The answer should contain only the lines from the beginning of the entries through the line that holds "- На каждой", given again exactly, with no pictures.

-=-=-

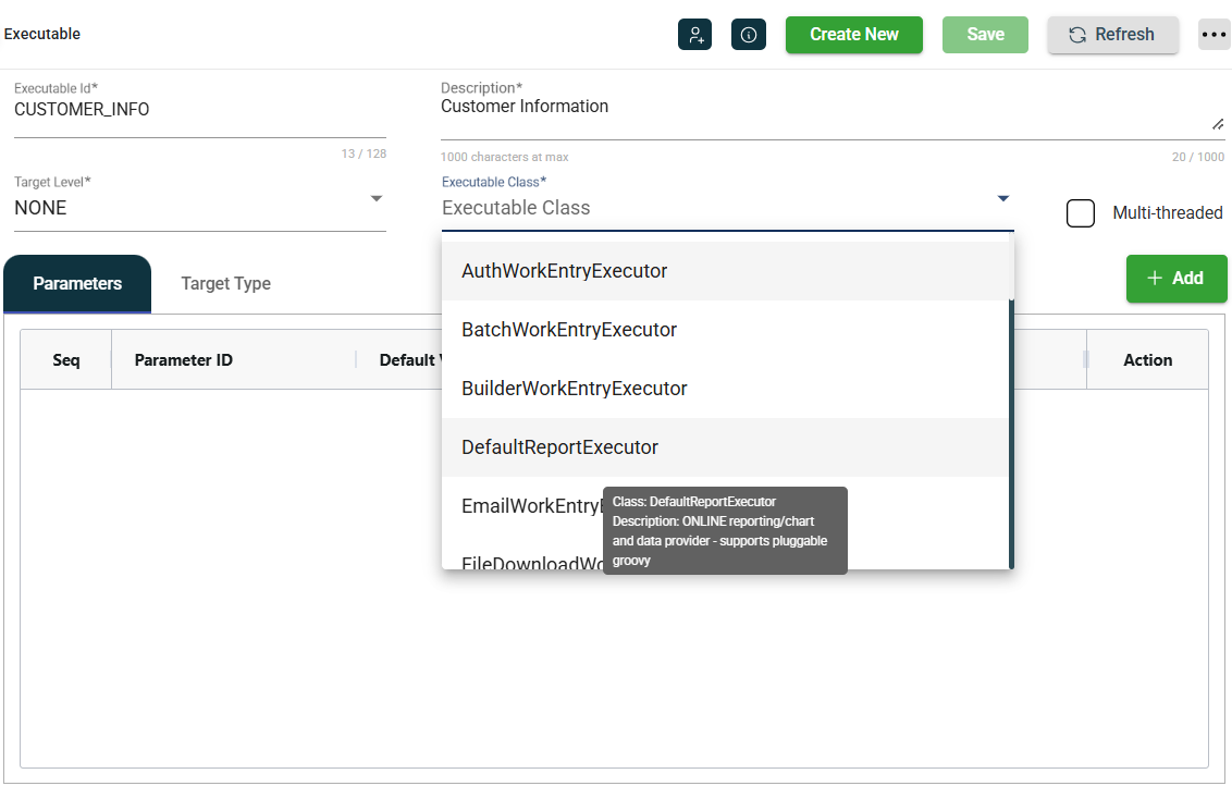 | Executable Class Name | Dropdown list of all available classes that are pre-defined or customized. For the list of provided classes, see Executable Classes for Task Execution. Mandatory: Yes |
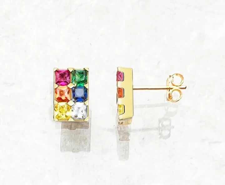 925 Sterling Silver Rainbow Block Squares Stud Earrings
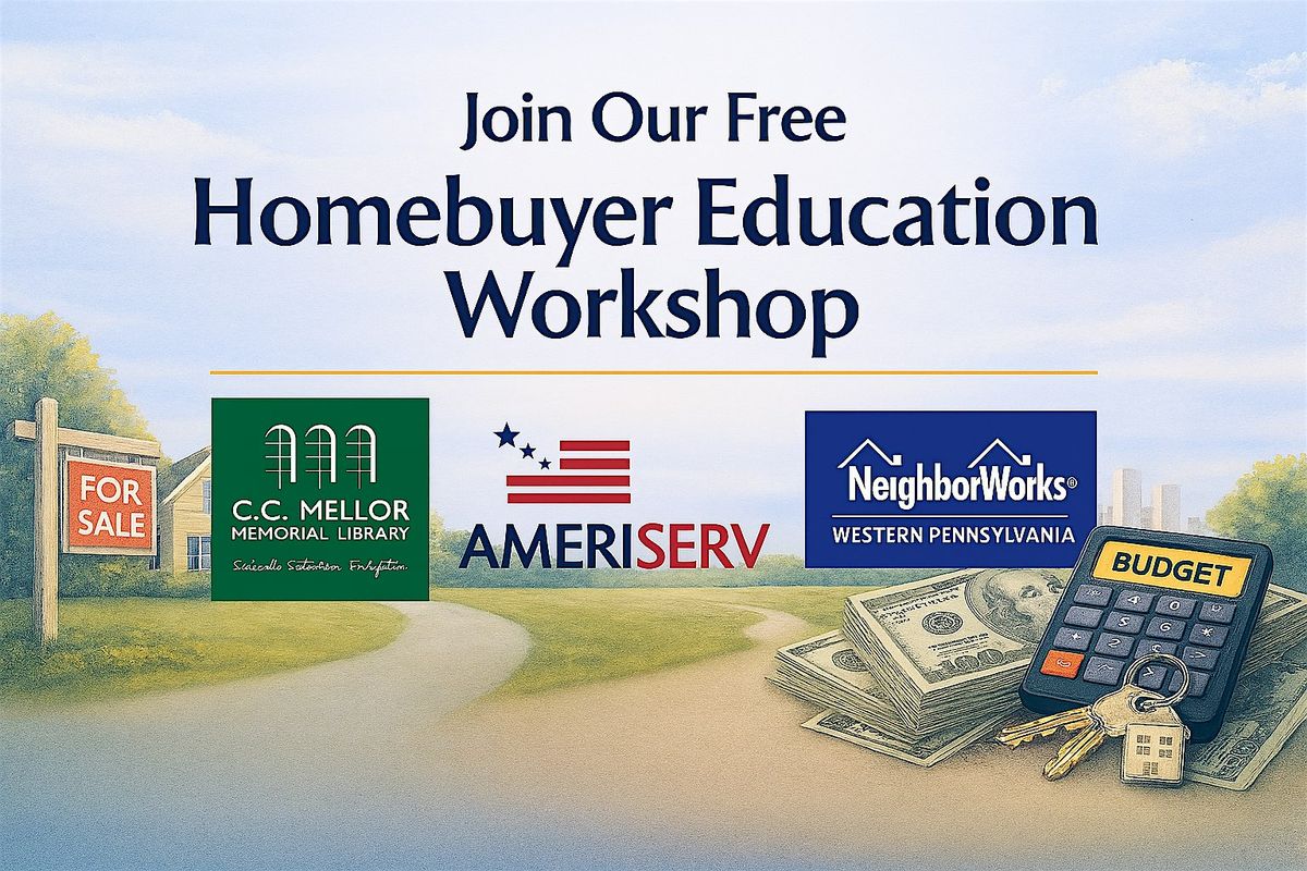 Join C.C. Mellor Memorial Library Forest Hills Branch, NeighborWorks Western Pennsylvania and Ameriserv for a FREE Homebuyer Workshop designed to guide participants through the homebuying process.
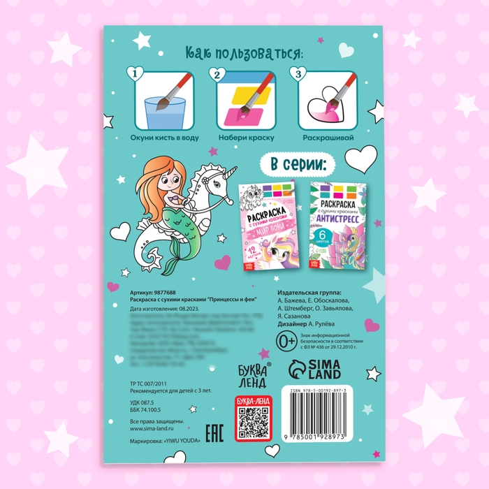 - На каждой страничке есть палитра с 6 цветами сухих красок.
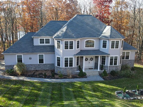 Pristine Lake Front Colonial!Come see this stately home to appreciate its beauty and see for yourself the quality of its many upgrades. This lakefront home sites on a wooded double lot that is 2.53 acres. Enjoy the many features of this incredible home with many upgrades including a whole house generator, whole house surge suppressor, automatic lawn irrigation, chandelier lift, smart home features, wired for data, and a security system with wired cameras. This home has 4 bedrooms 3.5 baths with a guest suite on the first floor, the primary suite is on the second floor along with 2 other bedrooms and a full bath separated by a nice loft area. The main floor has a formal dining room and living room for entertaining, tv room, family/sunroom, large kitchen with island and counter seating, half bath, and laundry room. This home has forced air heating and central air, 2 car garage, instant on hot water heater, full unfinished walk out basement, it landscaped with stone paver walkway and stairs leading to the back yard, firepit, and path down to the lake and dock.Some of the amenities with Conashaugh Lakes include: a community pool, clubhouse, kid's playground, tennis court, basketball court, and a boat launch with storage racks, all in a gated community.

-=-=-

Output of the task:
 | Executable Class Name | Dropdown list of all available classes that are pre-defined or customized. For the list of provided classes, see Executable Classes for Task Execution. Mandatory: Yes |
 925 Sterling Silver Rainbow Block Squares Stud Earrings
 Join C.C. Mellor Memorial Library Forest Hills Branch, NeighborWorks Western Pennsylvania and Ameriserv for a FREE Homebuyer Workshop designed to guide participants through the homebuying process.
 - На каждой страничке есть палитра с 6 цветами сухих красок.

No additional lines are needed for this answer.